Here’s a snippet from this letter:

No matter how your political persuasion distills this image, a flag-draped coffin is due a certain amount of dignity worthy of last respects.

But in many political cartoons, a flag-draped coffin is quickly becoming nothing more than a visual prop, a metaphor.

Cartoonists live and die by the metaphor, and flag-draped coffins ought not to be out of bounds.

But use that image with care.

Some cartoons have depicted flag-draped coffins stacked like Jenga blocks in a grotesque salute to the body count from Operation Iraqi Freedom. Another, by a recent Pulitzer Prize-winner, showed President Bush running a treadmill made of — you guessed it — flag-draped caskets. That particular cartoon made such an impression with Editor and Publisher magazine that it was chosen as its cartoon of the month for February’s print issue.

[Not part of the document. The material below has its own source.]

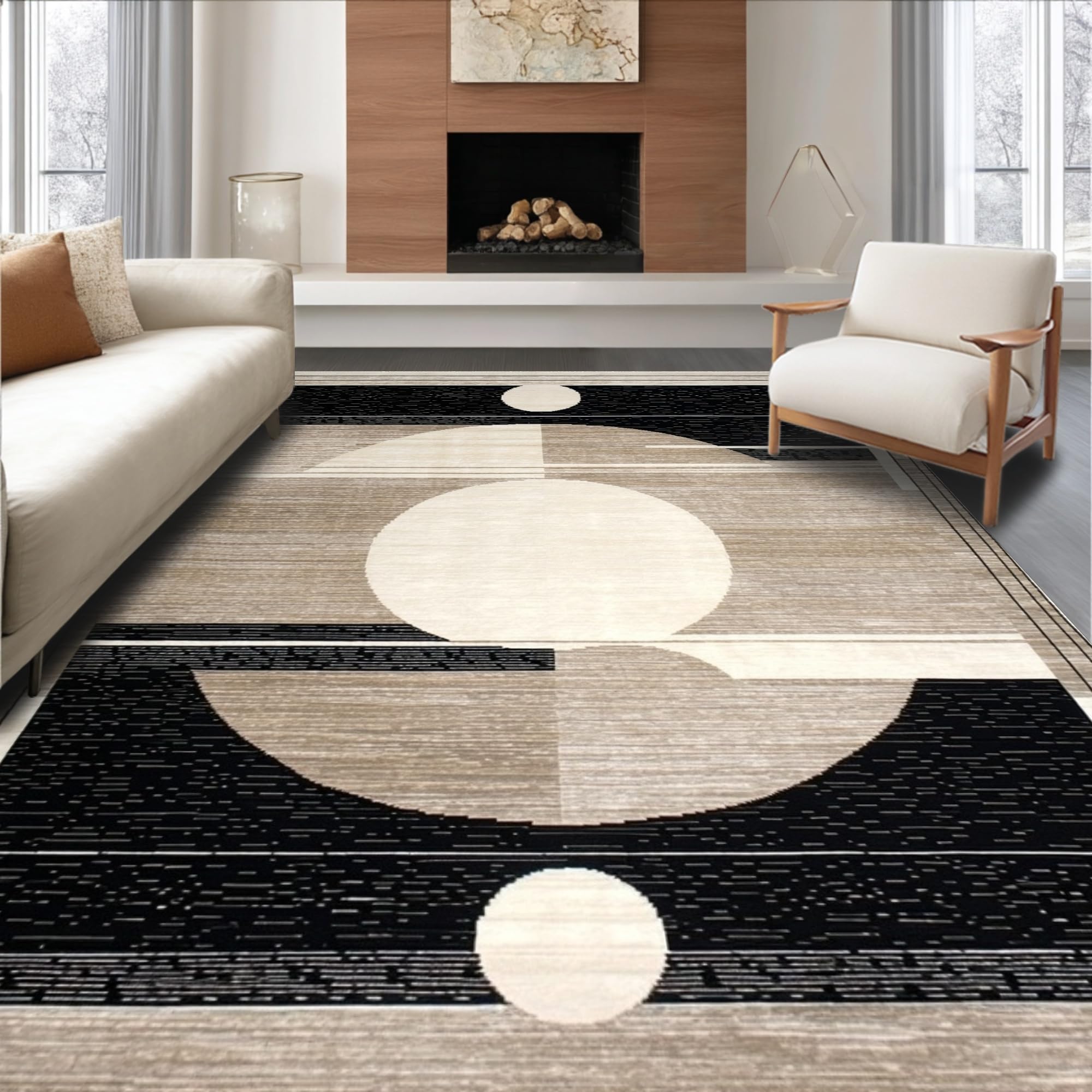 Abstract Mosaic Tile Beige Grey Area Artistic Floor(Beige)

However, I suggest that if that cartoon instead showed a national syndicator running a treadmill made of unemployed editorial cartoonists, the cartooning industry — such as it is — would cry foul and perhaps stage a multi-cartoon “show of farce” in protest.

If anything, it is the cartoonists who are callous to our troops by their continued negative depiction in American op-ed pages.

Admittedly, not every cartoonist deserves this critique. There are some cartoonists who do not playfully and irreverently use flag-draped coffins as figurative Legos to build yet another indictment against President Bush. But those cartoonists are vastly outnumbered.

For security reasons the cartoonist was not identified.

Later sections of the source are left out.